Being a father was probably one of the most biggest moments in my life.
I say this because I often reflect on what my life was like as a child and I remember most the moments about it I did not like and wanted to change in my own children lives.
In the beginning of my 3rd grade year, me and my brothers moved to live with our dad. During my 5th grade year, my brothers decided they wanted to move back with our mom. Not wanting to be apart from my brothers I chose to move back with our mom as well.
That moment was when I understood the rift of what happens when parents don't have the luxury of taking care of their children together.
I went alone with my mom to go get our clothes and as I'm packing I remember my dad trying to cope with the situation of having to have his boys move back with their mother.
First time I even seen my dad cry . . . Even though he cried to himself.
I kept quiet the whole ride home . . . Until I was asked why was I quiet and once asked I tried to explain that my dad was crying. But as soon as I went to speak on it I couldn't stop myself from crying.
That moment let me know that I will do any and everything I can to be a full part of my child's life or children's lives.

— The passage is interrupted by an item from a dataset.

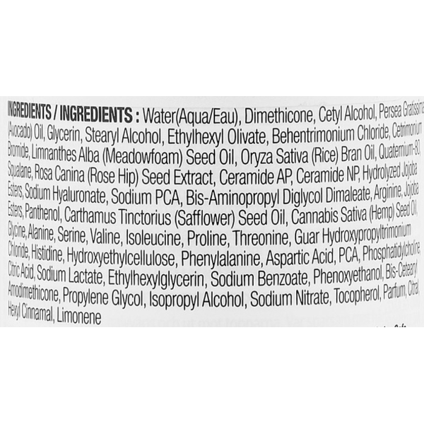 Aqua, Dimethicone, Cetyl alcohol, Persea Gratissima Oil, Glycerin, Stearyl Alcohol, Ethylhexyl olivate, Behentrimonium Chloride, Cetrimonium Bromide, Limnanthes Alba Seed Oil, Oryza sativa bran oil, Quaternium-80, Rosa canina seed extract, Ceramide AP, Ceramide NP, Hydrolyzed jojoba esters, Hyaluronic acid, Sodium PCA, Bis-aminopropyl diglycol dimaleate, Arginine, Cannabis sativa seed oil, Jojoba esters, Panthenol, Squalane, Carthamus Tinctorius Seed Oil, Glycine, Alanine, Serine, Valine, Isoleucine, Proline, Threonine, Guar Hydroxypropyltrimonium Chloride, Histidine, Hydroxyethylcellulose, Phenylalanine, Aspartic Acid, PCA, Phosphatidylcholine, Citric acid, Sodium Lactate, Ethylhexylglycerin, Sodium benzoate, Bis-cetearyl amodimethicone, Parfum, Citral, Hexyl cinnamal, Limonene.
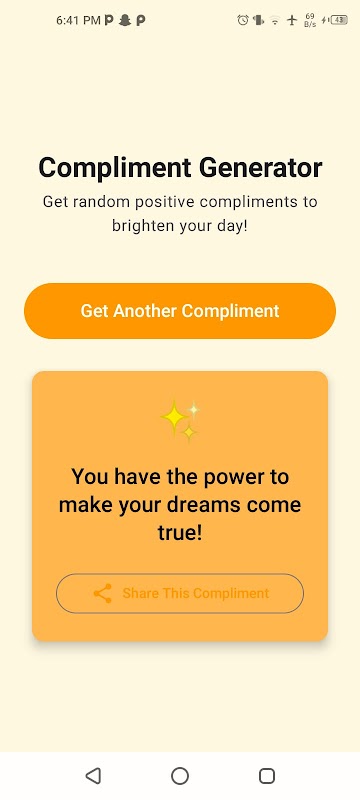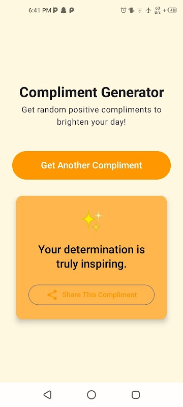 칭찬 생성기를 사용하면 단 한 번의 탭으로 기분 좋고, 친절하고, 격려하는 칭찬을 받을 수 있습니다. 자신에게 동기를 부여하거나 다른 사람의 하루를 밝게 해주고 싶을 때, 이 앱이 간편하게 도움을 드립니다.

I currently have 1 daughter and it hurts everyday knowing that she's not being given the current luxury of having both mom and dad at all times. But instead has to go with dad on some days and be with mom on the other days. . . Every week.
Its a lot to deal with emotionally as a parent, but I do the best I can to block out any mental aggravations and focus on being dad.
Every day I pray that God will enable me to be a better dad and father to my daughter Autumn than I aspire to be.
I say this because I often reflect on what my life was like as a child and I remember most the moments about it I did not like and wanted to change in my own children lives.
In the beginning of my 3rd grade year, me and my brothers moved to live with our dad. During my 5th grade year, my brothers decided they wanted to move back with our mom. Not wanting to be apart from my brothers I chose to move back with our mom as well.
That moment was when I understood the rift of what happens when parents don't have the luxury of taking care of their children together.
I went alone with my mom to go get our clothes and as I'm packing I remember my dad trying to cope with the situation of having to have his boys move back with their mother.
First time I even seen my dad cry . . . Even though he cried to himself.
I kept quiet the whole ride home . . . Until I was asked why was I quiet and once asked I tried to explain that my dad was crying. But as soon as I went to speak on it I couldn't stop myself from crying.
That moment let me know that I will do any and everything I can to be a full part of my child's life or children's lives.
I currently have 1 daughter and it hurts everyday knowing that she's not being given the current luxury of having both mom and dad at all times. But instead has to go with dad on some days and be with mom on the other days. . . Every week.
Its a lot to deal with emotionally as a parent, but I do the best I can to block out any mental aggravations and focus on being dad.
Every day I pray that God will enable me to be a better dad and father to my daughter Autumn than I aspire to be.
Turfboards - Stainless Steel - TITanium Art
ReplyDeleteFurboards are sia titanium designed to last as long as microtouch titanium trim walmart you put the titanium nipple bars right amount of effort trekz titanium headphones into each fallout 76 black titanium craft.